EXERCISE OBJECTIVE –
Give all the lines below again, exactly, with no pictures.
======== SUPPLIED DATA ========
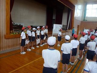 祝吉小の4つの宝(あいさつ 右一静歩 無言清掃 残さず食べる)やボランティア、勉強など、全校のみんなでがんばった1学期でした。
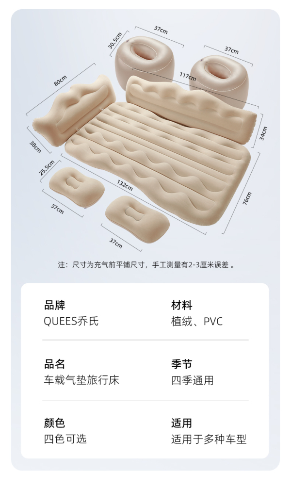 商品名称:乔氏车载充气床汽车后排睡垫旅行床垫轿车后座气垫床车内睡觉床
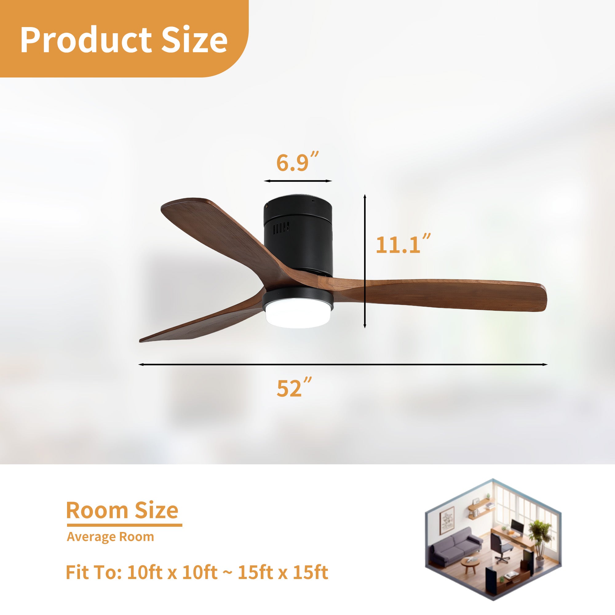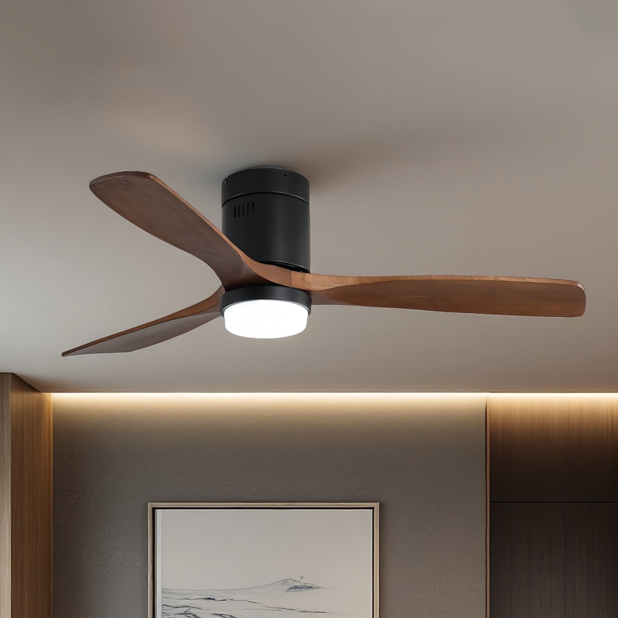 - 52 in. ceiling fan with Walnut Wood blades and modern Matte Black housing finish
========
RESPONSE BELOW –
 祝吉小の4つの宝(あいさつ 右一静歩 無言清掃 残さず食べる)やボランティア、勉強など、全校のみんなでがんばった1学期でした。
 商品名称:乔氏车载充气床汽车后排睡垫旅行床垫轿车后座气垫床车内睡觉床
 - 52 in. ceiling fan with Walnut Wood blades and modern Matte Black housing finish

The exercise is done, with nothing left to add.